Skip to content
  • Jeff King's avatar
    automatically ban strcpy() · c8af66ab
    Jeff King authored and Junio C Hamano's avatar Junio C Hamano committed
    There are a few standard C functions (like strcpy) which are
    easy to misuse. E.g.:
    
      char path[PATH_MAX];
      strcpy(path, arg);
    
    may overflow the "path" buffer. Sometimes there's an earlier
    constraint on the size of "arg", but even in such a case
    it's hard to verify that the code is correct. If the size
    really is unbounded, you're better off using a dynamic
    helper like strbuf:
    
      struct strbuf path = STRBUF_INIT;
      strbuf_addstr(path, arg);
    
    or if it really is bounded, then use xsnprintf to show your
    expectation (and get a run-time assertion):
    
      char path[PATH_MAX];
      xsnprintf(path, sizeof(path), "%s", arg);
    
    which makes further auditing easier.
    
    We'd usually catch undesirable code like this in a review,
    but there's no automated enforcement. Adding that
    enforcement can help us be more consistent and save effort
    (and a round-trip) during review.
    
    This patch teaches the compiler to report an error when it
    sees strcpy (and will become a model for banning a few other
    functions). This has a few advantages over a separate
    linting tool:
    
      1. We know it's run as part of a build cycle, so it's
         hard to ignore.

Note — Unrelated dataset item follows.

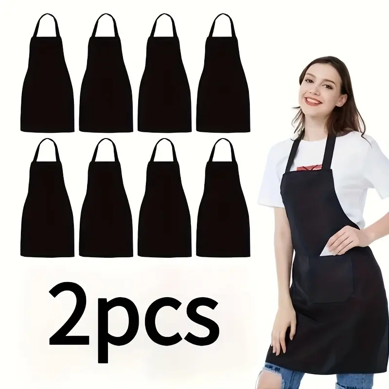 of 2 Durable Polyester Adjustable Neck Aprons with 2 Large Pockets - Neutral Color, Perfect for Cooking, Grilling, Barbecuing, Christmas Crafts, Machine Washable, Kitchen Cooking Aprons, Grilling Aprons | Adjustable Aprons | Polyester Aprons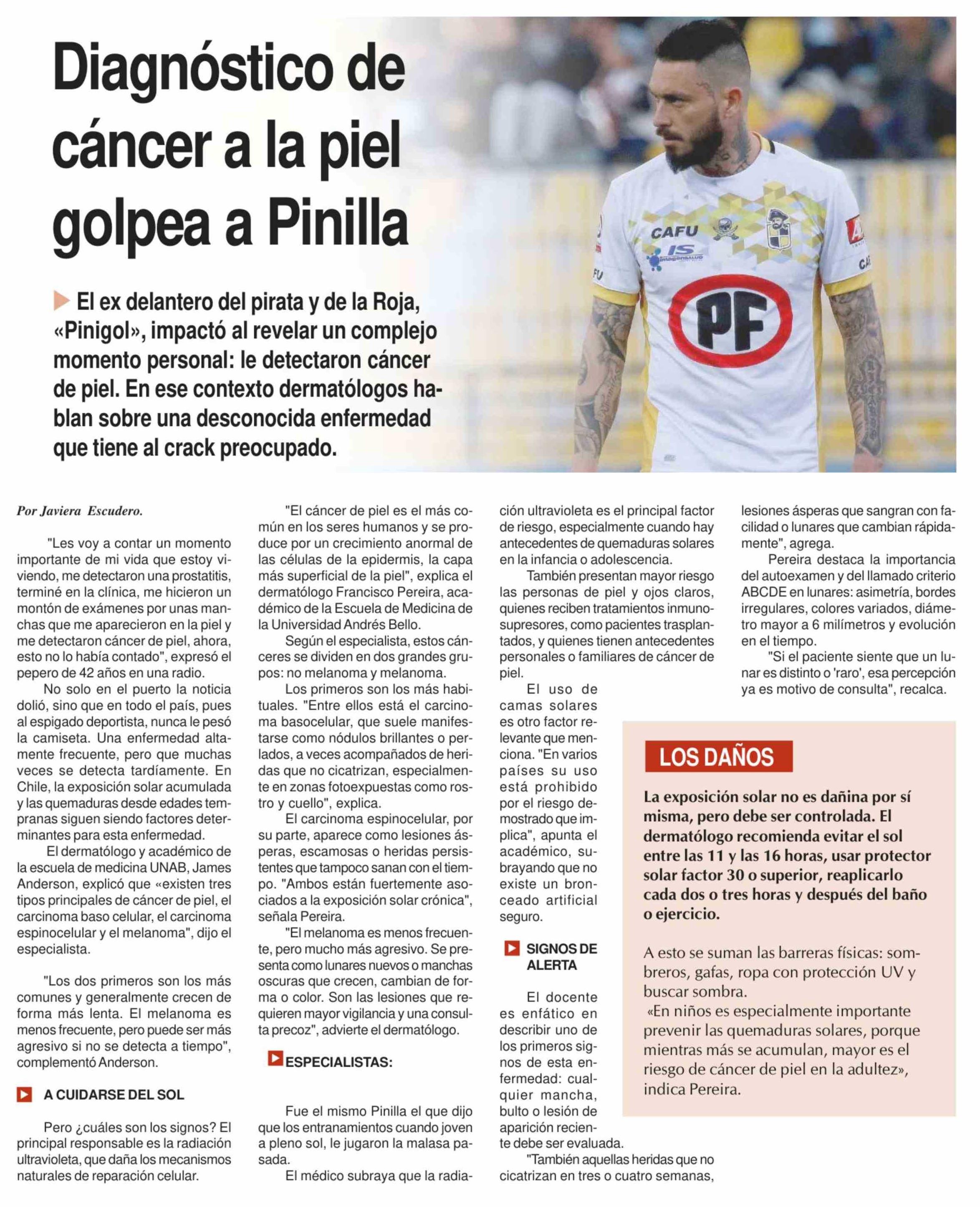 Diagnóstico de cáncer a la piel golpea a Pinilla

Whereas an external linter is an extra
         step the developer needs to remember to do.
    
      2. Likewise, it's basically free since the compiler is
         parsing the code anyway.
    
      3. We know it's robust against false positives (unlike a
         grep-based linter).
    
    The two big disadvantages are:
    
      1. We'll only check code that is actually compiled, so it
         may miss code that isn't triggered on your particular
         system. But since presumably people don't add new code
         without compiling it (and if they do, the banned
         function list is the least of their worries), we really
         only care about failing to clean up old code when
         adding new functions to the list. And that's easy
         enough to address with a manual audit when adding a new
         function (which is what I did for the functions here).
    
      2. If this ends up generating false positives, it's going
         to be harder to disable (as opposed to a separate
         linter, which may have mechanisms for overriding a
         particular case).
    
         But the intent is to only ban functions which are
         obviously bad, and for which we accept using an
         alternative even when this particular use isn't buggy
         (e.g., the xsnprintf alternative above).
    
    The implementation here is simple: we'll define a macro for
    the banned function which replaces it with a reference to a
    descriptively named but undeclared identifier.  Replacing it
    with any invalid code would work (since we just want to
    break compilation).  But ideally we'd meet these goals:
    
     - it should be portable; ideally this would trigger
       everywhere, and does not need to be part of a DEVELOPER=1
       setup (because unlike warnings which may depend on the
       compiler or system, this is a clear indicator of
       something wrong in the code).
    
     - it should generate a readable error that gives the
       developer a clue what happened
    
     - it should avoid generating too much other cruft that
       makes it hard to see the actual error
    
     - it should mention the original callsite in the error
    
    The output with this patch looks like this (using gcc 7, on
    a checkout with 022d2ac1
    
     reverted, which removed the final
    strcpy from blame.c):
    
          CC builtin/blame.o
      In file included from ./git-compat-util.h:1246,
                       from ./cache.h:4,
                       from builtin/blame.c:8:
      builtin/blame.c: In function ‘cmd_blame’:
      ./banned.h:11:22: error: ‘sorry_strcpy_is_a_banned_function’ undeclared (first use in this function)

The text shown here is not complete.